Brain Microembolism

Department of Neurology, Department of Radiology, Boston University School of Medicine, Harvard Medical School, MA, USA.
Journal of Neuroimaging (Impact Factor: 1.73). 05/2003; 13(2):140-6. DOI: 10.1177/1051228403251187
Source: PubMed


To alert clinicians about the occurrence of a subtype of brain infarction, its suspected etiology, and its detection by specific neuroimaging techniques.
The article presents 5 nonconsecutive patients admitted to the stroke services of 2 tertiary care hospitals, who presented with acute or subacute symptoms suspicious, but at times atypical, of brain ischemia.
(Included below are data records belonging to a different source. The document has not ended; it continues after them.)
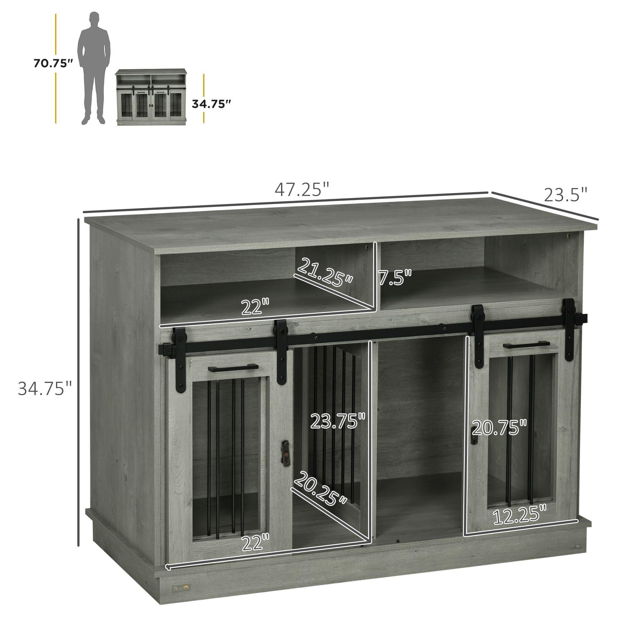 5.- Dog Kennel Furniture Info: Overall Dimensions: 47.25"" W x 23.5"" D x 34.75"" H. Interior: 44.75"" L x 20.25"" W x 23.75"" H. Large Single Room: for dogs under 23.5"" in body length, up to 66 lbs. Two Rooms: for small dogs under 13.75"" in body length, up to 18 lbs. Assembly required..
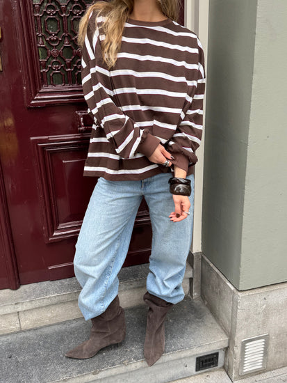 Een tijdloze long sleeve in bruin met subtiele streepdetails. De oversized fit geeft een moderne en comfortabele look. Het item komt in one size en valt losjes, ideaal voor een nonchalante maar stijlvolle uitstraling. Het model is 1.74 m en draagt normaal maat S/M.
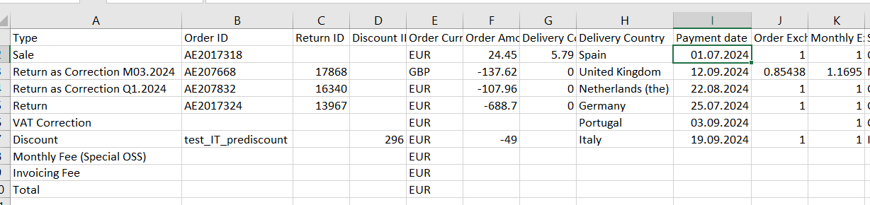 | Monthly Exchange Rate | Exchange rate from order payment currency to EUR used in the fiscal report as per EU legislation. (Exchange rate at the last working day of the reporting month) |
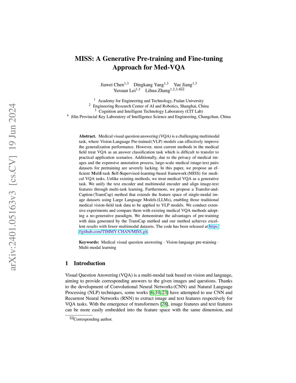 MISS: A Generative Pretraining and Finetuning Approach for Med-VQA

Each patient had evidence of 3 to > 20 small areas of recent brain infarction detected by diffusion-weighted imaging (DWI). When available, brain computerized tomography images were not helpful for the diagnosis of these recent infarcts. Most lesions were present on magnetic resonance imaging fluid-attenuated inversion recovery sequences, but the diffusion-weighted images allowed the determination of their acuity. Further evaluation revealed a potential source of embolism in each patient. Brain microembolism was suspected in all cases.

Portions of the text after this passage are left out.